The difficulty with this argument is that torture for interrogation is not directly analogous to self-defence.

It is true that the law allows the use of deadly force in self-defence, which may include the defence of another. Suppose a knife-wielding assailant attacks me. Fearing for my life, I kill my attacker. My attacker is morally culpable in threatening harm to my life, and my act of killing him is an effective means of saving the life of the victim (me).

Compare this with the terrorist who is strapped down - incapacitated and helpless - in preparation for his torture. It could be said that the terrorist is still in a sense a threat because he refuses to divulge the key to diffusing the bomb. But recall that Bagaric's argument logically justifies the torture of persons other than the terrorist, such as the terrorist's 3-year-old son. This is where the analogy to self-defence fails.

Indeed, advocates of torture implicitly concede this by requiring the number of lives saved to be large.
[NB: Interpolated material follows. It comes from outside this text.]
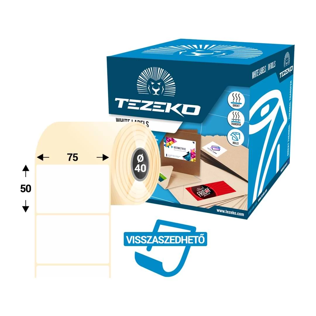 A 75 * 50 mm-es, 1 pályás visszaszedhető direkt termál etikett címke (1200 címke/tekercs) direktermál eljárással nyomtatható anyag, melyhez NEM szükséges festékszalag. A T0750005000-002 cikkszámú tekercses öntapadó etikett címke felhasználása jellemzően száraz körülmények között történik (kültéri hatásoknak nem, vagy csak korlátozottan áll ellen), normál hőmérsékleti tartományban használható.
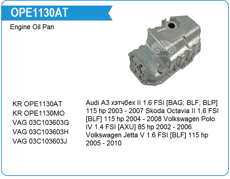 Поддон масляный ДВС OPE1130

Self-defence, by contrast, does not require this: it is enough that just my life is saved by my killing of the knife-wielding attacker.

The third argument that Bagaric makes is that torture really does work, meaning that it is an effective way of eliciting the truth. Despite Bagaric's claims there is a wealth of evidence that torture works, the number of examples put forward by advocates of interrogational torture is limited.

And some of those examples do not stand up to scrutiny. For instance, Bagaric cites an account of the CIA's interrogation of an al Qaeda member, Abu Zubaydah, which supposedly broke Zubaydah "in less than 35 seconds" with a form of torture known as waterboarding. This is hard to square with the recently disclosed report of the CIA Inspector General, which states that Zubaydah was waterboarded 83 times. Moreover, much of the valuable information Zubaydah provided was actually obtained by the FBI without torture or coercion.

This last point shows that the debate is not really whether torture works or doesn't work. The real question is torture's effectiveness in eliciting the truth relative to other interrogation techniques. The choice is not, as torture advocates often suggest, between torture and sitting on one's hands.

* John Ip is at the University of Auckland Faculty of Law.